■ ABOUT THIS EXERCISE ■
Reproduce the entries that follow precisely, setting aside any images.

■ Source data ■

■ ■ ■

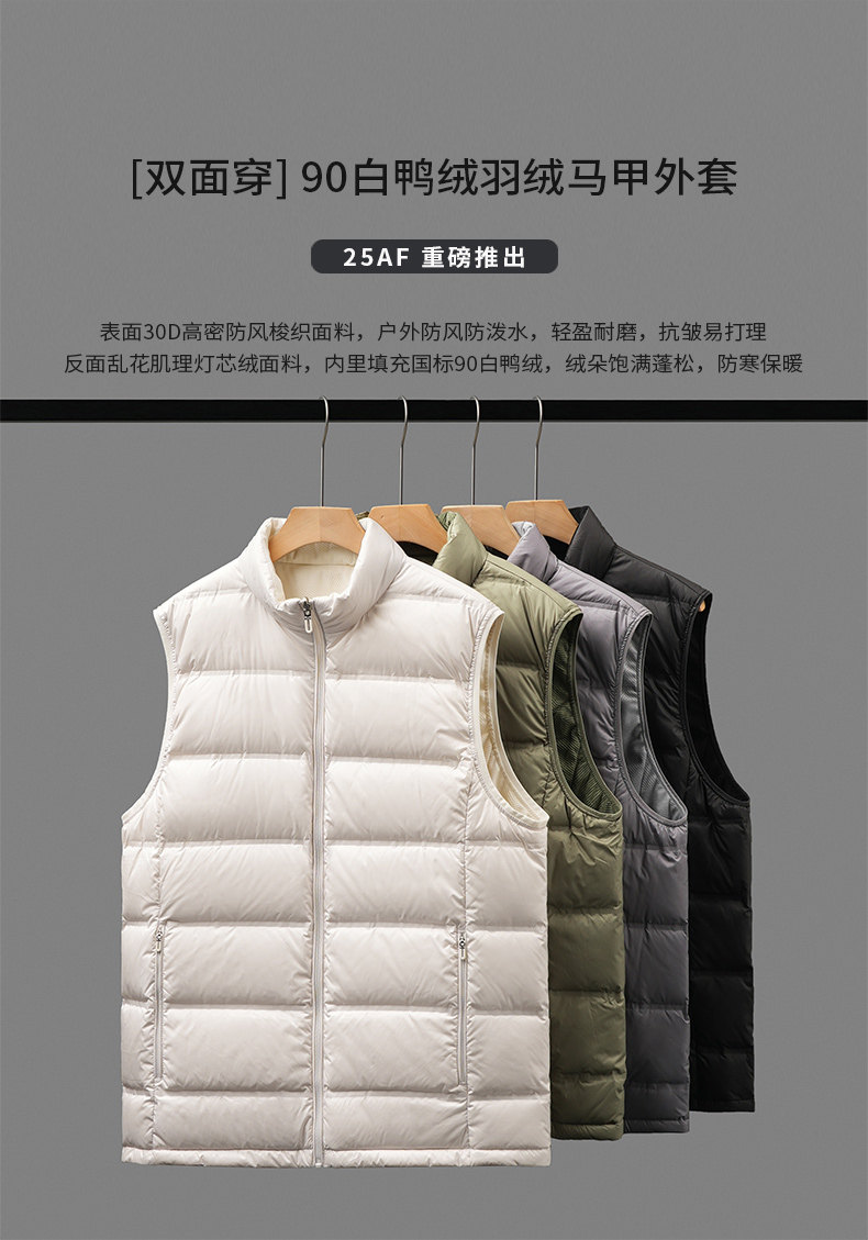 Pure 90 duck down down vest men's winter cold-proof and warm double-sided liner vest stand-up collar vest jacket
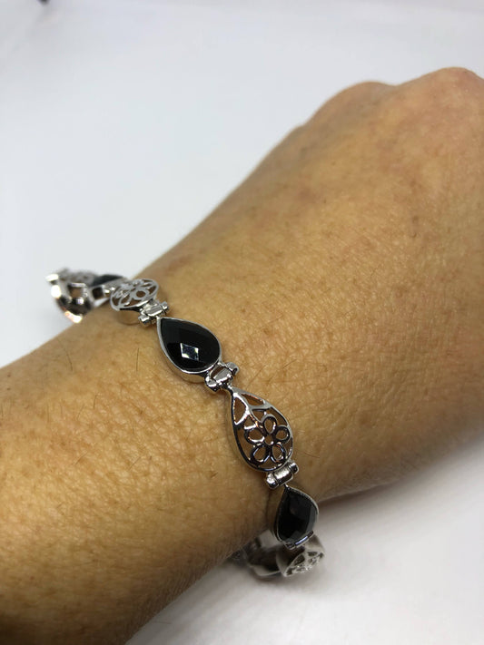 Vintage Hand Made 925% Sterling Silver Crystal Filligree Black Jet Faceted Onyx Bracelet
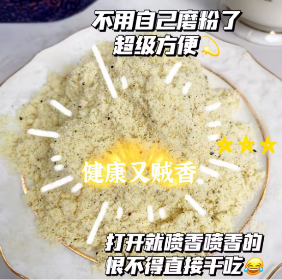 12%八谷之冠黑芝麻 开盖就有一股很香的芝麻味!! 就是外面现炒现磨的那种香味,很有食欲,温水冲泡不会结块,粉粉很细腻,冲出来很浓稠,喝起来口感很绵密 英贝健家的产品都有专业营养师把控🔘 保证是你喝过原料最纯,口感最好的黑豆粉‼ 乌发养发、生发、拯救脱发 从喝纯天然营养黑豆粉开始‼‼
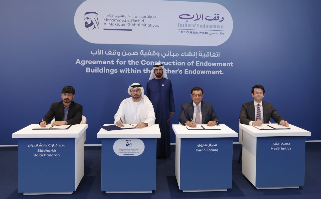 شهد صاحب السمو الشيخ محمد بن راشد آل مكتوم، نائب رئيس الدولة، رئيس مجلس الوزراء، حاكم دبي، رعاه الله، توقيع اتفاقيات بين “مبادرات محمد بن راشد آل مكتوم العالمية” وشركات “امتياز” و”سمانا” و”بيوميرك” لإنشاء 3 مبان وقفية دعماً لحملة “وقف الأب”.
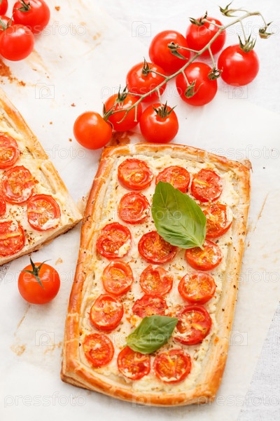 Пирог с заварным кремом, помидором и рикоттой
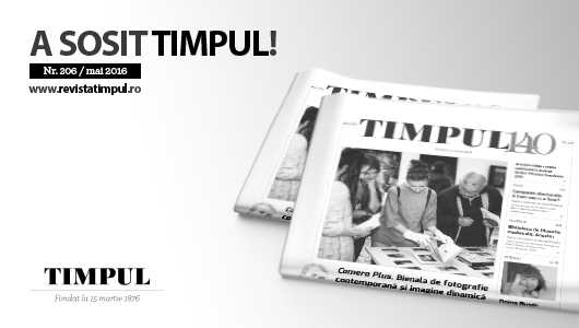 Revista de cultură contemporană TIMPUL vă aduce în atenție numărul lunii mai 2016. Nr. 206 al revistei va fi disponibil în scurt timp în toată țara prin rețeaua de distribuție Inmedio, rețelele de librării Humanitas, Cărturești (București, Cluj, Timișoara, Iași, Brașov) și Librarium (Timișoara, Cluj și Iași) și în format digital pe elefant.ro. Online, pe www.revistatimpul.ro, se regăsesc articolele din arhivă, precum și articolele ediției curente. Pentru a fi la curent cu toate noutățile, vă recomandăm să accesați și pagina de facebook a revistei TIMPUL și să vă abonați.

■ ■ ■

■ ANSWER BOX ■
 Pure 90 duck down down vest men's winter cold-proof and warm double-sided liner vest stand-up collar vest jacket
 Vintage Hand Made 925% Sterling Silver Crystal Filligree Black Jet Faceted Onyx Bracelet
 12%八谷之冠黑芝麻 开盖就有一股很香的芝麻味!! 就是外面现炒现磨的那种香味,很有食欲,温水冲泡不会结块,粉粉很细腻,冲出来很浓稠,喝起来口感很绵密 英贝健家的产品都有专业营养师把控🔘 保证是你喝过原料最纯,口感最好的黑豆粉‼ 乌发养发、生发、拯救脱发 从喝纯天然营养黑豆粉开始‼‼
 شهد صاحب السمو الشيخ محمد بن راشد آل مكتوم، نائب رئيس الدولة، رئيس مجلس الوزراء، حاكم دبي، رعاه الله، توقيع اتفاقيات بين “مبادرات محمد بن راشد آل مكتوم العالمية” وشركات “امتياز” و”سمانا” و”بيوميرك” لإنشاء 3 مبان وقفية دعماً لحملة “وقف الأب”.
 Пирог с заварным кремом, помидором и рикоттой
 Revista de cultură contemporană TIMPUL vă aduce în atenție numărul lunii mai 2016. Nr. 206 al revistei va fi disponibil în scurt timp în toată țara prin rețeaua de distribuție Inmedio, rețelele de librării Humanitas, Cărturești (București, Cluj, Timișoara, Iași, Brașov) și Librarium (Timișoara, Cluj și Iași) și în format digital pe elefant.ro. Online, pe www.revistatimpul.ro, se regăsesc articolele din arhivă, precum și articolele ediției curente. Pentru a fi la curent cu toate noutățile, vă recomandăm să accesați și pagina de facebook a revistei TIMPUL și să vă abonați.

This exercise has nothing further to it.